## Exercise details
Reproduce the entries beneath exactly, without their images.

Items from a data source:
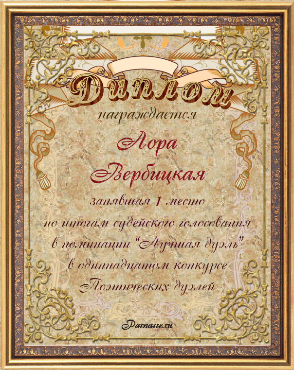 Диплом за 1-е место в номинации "Лучшая дуэль" по итогам судейского голосования в одиннадцатом конкурсе поэтических дуэлей (№ 19.1)
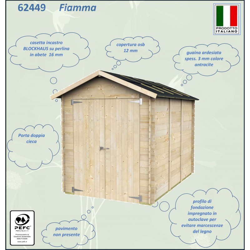 Codice articolo: 62077Modello: GaetaMateriale: Legno di abete naturale non trattatoSpessore pareti: 16 mmTipologia costruttiva: Ad incastroDimensioni esterne: 178x218 cmDimensioni interne: 163x203 cmSuperficie interna: 3,31 m²Altezza minima: 170 cmAltezza massima: 205 cmLunghezza gronda: 230 cmSviluppo falda: 106 cmSuperficie tetto: 4,87 m²Pavimento: OSB...
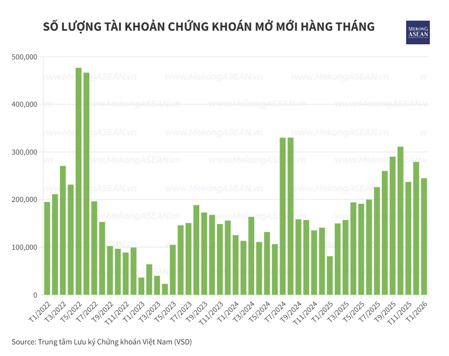 Theo số liệu từ Tổng công ty Lưu ký và Bù trừ Chứng khoán Việt Nam (VSD), trong tháng 1/2026, thị trường chứng khoán ghi nhận thêm hơn 244.700 tài khoản giao dịch mới. Trong đó, nhà đầu tư cá nhân trong nước mở mới gần 244.300 tài khoản trong tháng; nhóm tổ chức trong nước mở mới thêm 87 tài khoản.
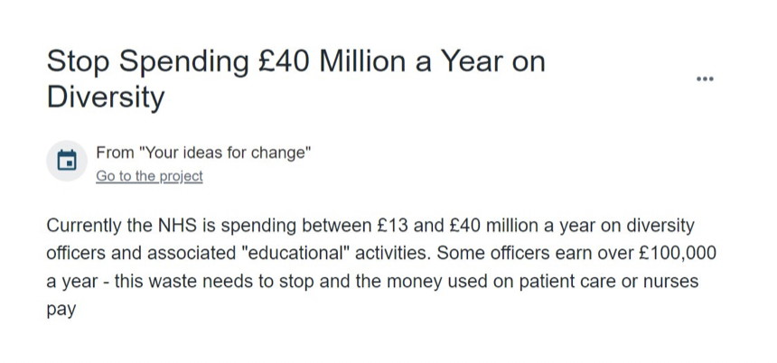 From ‘diversity’ spending to concerns about immigration, the responses are rather damning. One participant blasted the health service for spending ‘between £13 and £40 million a year on diversity officers’, fuming that: ‘This waste needs to stop and the money used on patient care or nurses pay.’ Oo er. Another titled their complaint starkly: ‘NHS not IHS’ – writing that: ‘We seem to be paying for an International Health Service where foreign nationals can fly into the UK to use NHS services free of charge.’
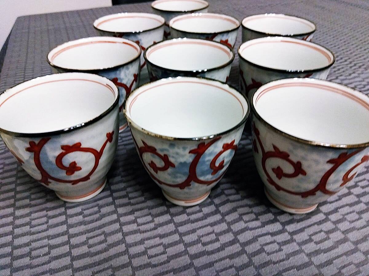 - 美品 織部 おりべ 湯呑み茶碗 器 菓子器 陶器 コップ 9点セット 9客 カップ 小鉢
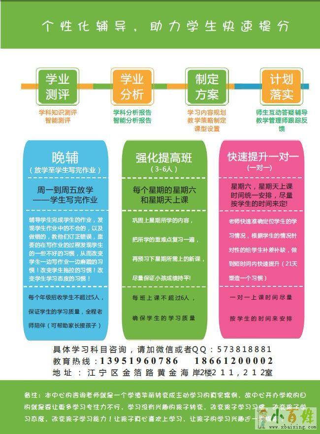晚辅 | 周一至周五 | 辅导学生完成学生的作业,发现学生作业中的不会的,以及做错的,教他们订正错误,重要的在写作业的过程发现学生的一些不好的习惯,从而改变学生一边写作业一边磨蹭的习惯!改变学生拖拉的习惯!改变学生学习态度的习惯! | 每个年级招收学生不超过5人,保证学生的学习质量,全程老师陪伴(可帮助家长接孩子) |

## Reply
 Диплом за 1-е место в номинации "Лучшая дуэль" по итогам судейского голосования в одиннадцатом конкурсе поэтических дуэлей (№ 19.1)
 Codice articolo: 62077Modello: GaetaMateriale: Legno di abete naturale non trattatoSpessore pareti: 16 mmTipologia costruttiva: Ad incastroDimensioni esterne: 178x218 cmDimensioni interne: 163x203 cmSuperficie interna: 3,31 m²Altezza minima: 170 cmAltezza massima: 205 cmLunghezza gronda: 230 cmSviluppo falda: 106 cmSuperficie tetto: 4,87 m²Pavimento: OSB...
 Theo số liệu từ Tổng công ty Lưu ký và Bù trừ Chứng khoán Việt Nam (VSD), trong tháng 1/2026, thị trường chứng khoán ghi nhận thêm hơn 244.700 tài khoản giao dịch mới. Trong đó, nhà đầu tư cá nhân trong nước mở mới gần 244.300 tài khoản trong tháng; nhóm tổ chức trong nước mở mới thêm 87 tài khoản.
 From ‘diversity’ spending to concerns about immigration, the responses are rather damning. One participant blasted the health service for spending ‘between £13 and £40 million a year on diversity officers’, fuming that: ‘This waste needs to stop and the money used on patient care or nurses pay.’ Oo er. Another titled their complaint starkly: ‘NHS not IHS’ – writing that: ‘We seem to be paying for an International Health Service where foreign nationals can fly into the UK to use NHS services free of charge.’
 - 美品 織部 おりべ 湯呑み茶碗 器 菓子器 陶器 コップ 9点セット 9客 カップ 小鉢
晚辅 | 周一至周五 | 辅导学生完成学生的作业,发现学生作业中的不会的,以及做错的,教他们订正错误,重要的在写作业的过程发现学生的一些不好的习惯,从而改变学生一边写作业一边磨蹭的习惯!改变学生拖拉的习惯!改变学生学习态度的习惯! | 每个年级招收学生不超过5人,保证学生的学习质量,全程老师陪伴(可帮助家长接孩子) |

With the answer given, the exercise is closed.